Scientific classification
- Kingdom: Plantae
- Clade: Embryophytes
- Clade: Tracheophytes
- Clade: Spermatophytes
- Clade: Angiosperms
- Clade: Eudicots
- Clade: Asterids
- Order: Asterales
- Family: Asteraceae
- Genus: Solidago
- Species: S. missouriensis
- Binomial name: Solidago missouriensis Nutt.
- Synonyms: Synonymy Aster marshallii Kuntze ; Aster missuriensis (Nutt.) Kuntze ; Aster tolmieanus (A.Gray) Kuntze ; Doria concinna (A.Nelson) Lunell ; Doria glaberrima (M.Martens) Lunell ; Solidago concinna A.Nelson ; Solidago duriuscula Greene ; Solidago glaberrima M.Martens ; Solidago glaucophylla Rydb. ; Solidago hapemaniana Rydb. ; Solidago marshallii Rothr. ; Solidago moritura E.S.Steele ; Solidago tenuissima Wooton & Standl. ; Solidago tolmieana A.Gray ;

= Solidago missouriensis =

- Genus: Solidago
- Species: missouriensis
- Authority: Nutt.

Species of flowering plant

Solidago missouriensis is a species of flowering plant in the family Asteraceae known by the common names Missouri goldenrod and prairie goldenrod. It is native to North America, where it is widespread across much of Canada, the United States, and northern Mexico. It grows from British Columbia east to Manitoba, south as far as Sonora, Coahuila, Texas, and Mississippi.

==Description==
Solidago missouriensis is variable in appearance, and there are a number of varieties. In general, it is a perennial herb growing from an underground caudex or rhizome, or both. It reaches one meter (40 inches) in maximum height. The roots may reach 2 m deep in the soil. The rigid leaves are up to 30 centimeters (12 inches) long, becoming smaller farther up the stem. The inflorescence is a branching panicle of many yellow flower heads at the top of the stem, sometimes with over 200 small heads. Each head contains about 5-14 yellow ray florets a few millimeters long surrounding 6-20 disc florets. The fruit is an achene tipped with a pappus of bristles.

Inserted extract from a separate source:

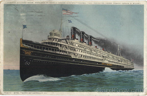 Length 470 feet beam, Moulded 56 feet 7 decks - 600 staterooms 7600 indicated horse power speed 21 miles.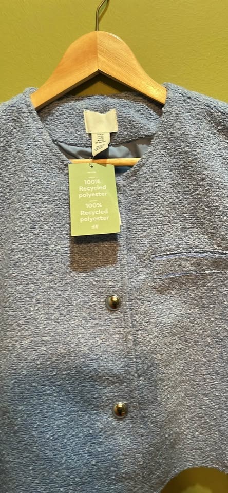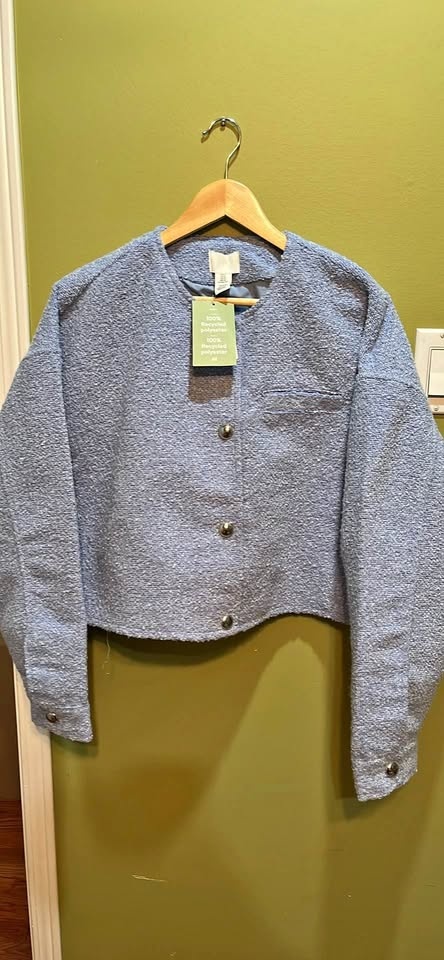 New H&M light blue textured cropped jacket. Has cool silver buttons down the front. Made with 100% recycled polyester. Size is XL.

==Distribution and habitat==
Solidago missouriensis can be found in many types of habitat. It is common on the Great Plains. It grows preferably in dry, open habitat and can occur at high elevations. It colonizes disturbed soils. During the Dust Bowl-era drought, when many of the native grasses and plants died, the goldenrod flourished in the dry, cleared soil. As the drought ended and the grasses returned, the goldenrod became less common, disappearing in many areas. It grows in soils turned over by burrowing animals and on roadsides and mining sites.

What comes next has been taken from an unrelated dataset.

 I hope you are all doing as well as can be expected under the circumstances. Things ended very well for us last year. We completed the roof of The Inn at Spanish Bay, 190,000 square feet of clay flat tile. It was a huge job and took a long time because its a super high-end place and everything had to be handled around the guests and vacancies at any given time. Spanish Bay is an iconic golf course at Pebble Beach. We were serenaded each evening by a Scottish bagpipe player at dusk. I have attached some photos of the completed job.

The goldenrod is common in a number of regions, including tallgrass prairie in west-central Missouri, sandhills prairie in southeastern North Dakota, the Cypress Hills of southeastern Alberta, riparian habitat in northwestern Montana, and the sand barrens of northern Wisconsin.

=== Galls ===
This species is host to the following insect induced gall:
- Asteromyia carbonifera (Osten Sacken, 1862)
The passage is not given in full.